CENTRO RIAU Kuansing-Terkait dugaan pemotongan Dana BOP PAUD 5 persen yang di beritakan ke awak media oleh salah seorang Nara sumber yang tidak di sebutkan namanya, hasil klarifikasi awak media dari PPWI KUANSING Dengan KABID PAUD HERNITA tatap muka langsung di kediamannya menyampaikan ke awak media dan mengklarifikasi pemberitaan tersebut.
Hernita menyampaikan “Sangat disayangkan pemberitaan tersebut, karena, sebagai pengelola PAUD yang membentuk karakter anak sejak dini adalah seorang penyebar berita bohong(Fitnah)” ucapkannya 3/02/2021 didepan ketua Persatuan Perwarta Indonesia PPWI kabupaten Kuantan Singingi.
“Mereka menuduh tanpa bukti baik itu tulisan, maupun lisan dari Dinas hanya melempar fitnah, yang katanya meminta jatah 5% dari dana BOP PAUD yang diselipkan dalam kegiatan parenting”tambahnya.
“Kepada Bunda yang menjadi sumber berita ini, kenapa harus bersembunyi tanpa menyebutkan inisialnya, ini tidak mencerminkan seorang guru, melainkan seorang pengecut yang tidak bertanggung jawab,” kata Hernita.

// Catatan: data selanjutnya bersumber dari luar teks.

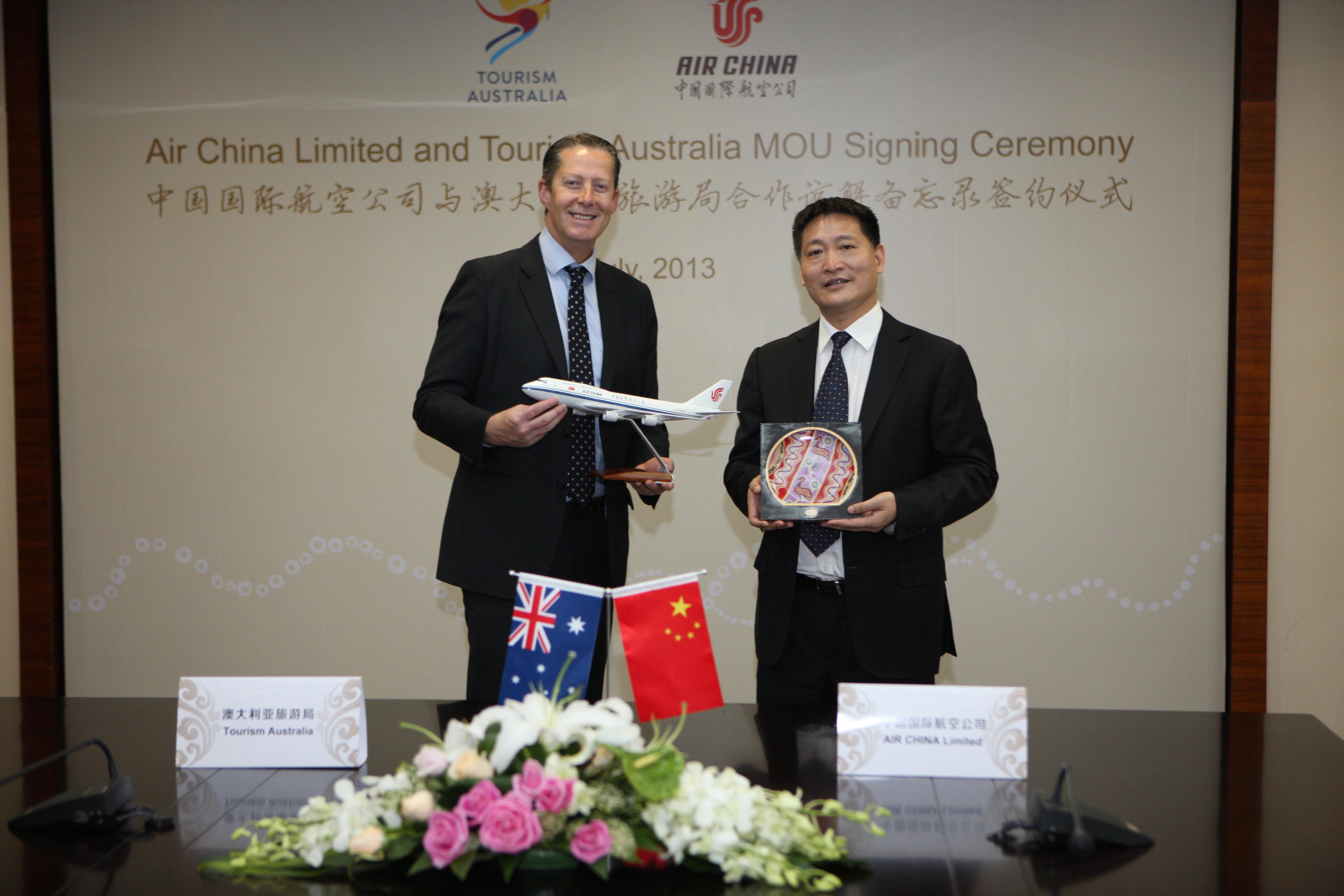 北京2013年7月2日電 /美通社/ -- 2013年7月1日,中國國際航空股份有限公司(以下簡稱“國航”)與澳大利亞旅游局(以下簡稱“澳旅局”)舉辦合作諒解備忘錄簽字儀式,雙方高層就赴澳旅游市場推廣及航空運力優(yōu)化配置達(dá)成協(xié)議。國航副總裁王明遠(yuǎn)及澳旅局行政總裁麥勤偉(Andrew McEvoy)代表雙方簽署了備忘錄。

“Saya bisa tuntut anda dalam tuduhan ini…!
Parenting tertuang dalam permendikbud RI no.9 tahun 2021 tentang juknis pengelolaan dana BOP PAUD dan BOP kesetaraan yang dananya berasal dari dana DAK non fisik.” Jelasnya.
“Juknis th 2021 berbeda dengan juknis tahun2 sebelumnya maka kami tim BOP mendatangi di seluruh kecamatan mensosialisasikannya kami tdk ingin teman” membuat proposal tidak sesuai juknis. Semuanya itu kami lakukan sebelum pencairan danaBOP tahap 1, dilakukan pada bulan Juni 2021.” Jelasnya lagi.
“Nah, Pencairan dana dilakukan 2 tahap dengan besaran Rp300.000/siswa setiap tahap
Dana lansung dicairkan darI RKUD ke Rek. Lembaga. Pada sosialisasi kami menyarankan untuk parenting agar dianggarkan min.5%, itupun bagi yg mau.
Mereka harus menggunakan anggaran sesuai dg proposal yg mereka buat dan tidak ada campur tangan kami lagi dalam hal ini. “terangnya
“Kami hanya bisa melihat kegiatan parenting yang mereka lakukan, ada kami yang diundang dan ada yang hanya mengirimkan foto kegiatannya.” Cetusnya kepada media.
“Bagaimana kami bisa meminta dana parenting yg kegiatannya mereka yang lakukan, yang benar sajalah tuduhannya bunda, jangan jangan bunda bunda yang menjadi sumber berita ini hanya membuat SPJ fiktif,” ujanya.
“Carilah cara yang rasional, lampirkan bukti, jangan asal tuduh dan jangan mencemarkan nama baik seseorang karena semua itu bisa berbalik.” Jelasnya lagi.
“Allah maha mendengar, maha melihat dan maha mengetahui,
Aneh, kami menyarankan bulan Juni 2021 sebelum pencairan BOP tahap 1, dan pada tahap 2 kami tdk menyarankan apapun dan mereka semua sudah terima dana BOP tahap 2. beritanya kok sekarang ( akhir Januari 2022).”tambahnya.
“Kemudian seperti yang di beritakan menurut keterangan Narasumber yang mengatakan kaki tangan dari dinas, Saya tidak punya seseorang sebagai tangan kanan, semuanya merupakan tangan kanan saya, baik ketua himpaudi, ketua IGTK, pengelola/kepalaTK dan pendidik se kabupaten Kuantan Singingi,”tutup
HERNITA mengakhiri konferensi persnya.
Sumber berita:
Ketua DPC PPWI Kuansing, Anasrul Mardiansyah.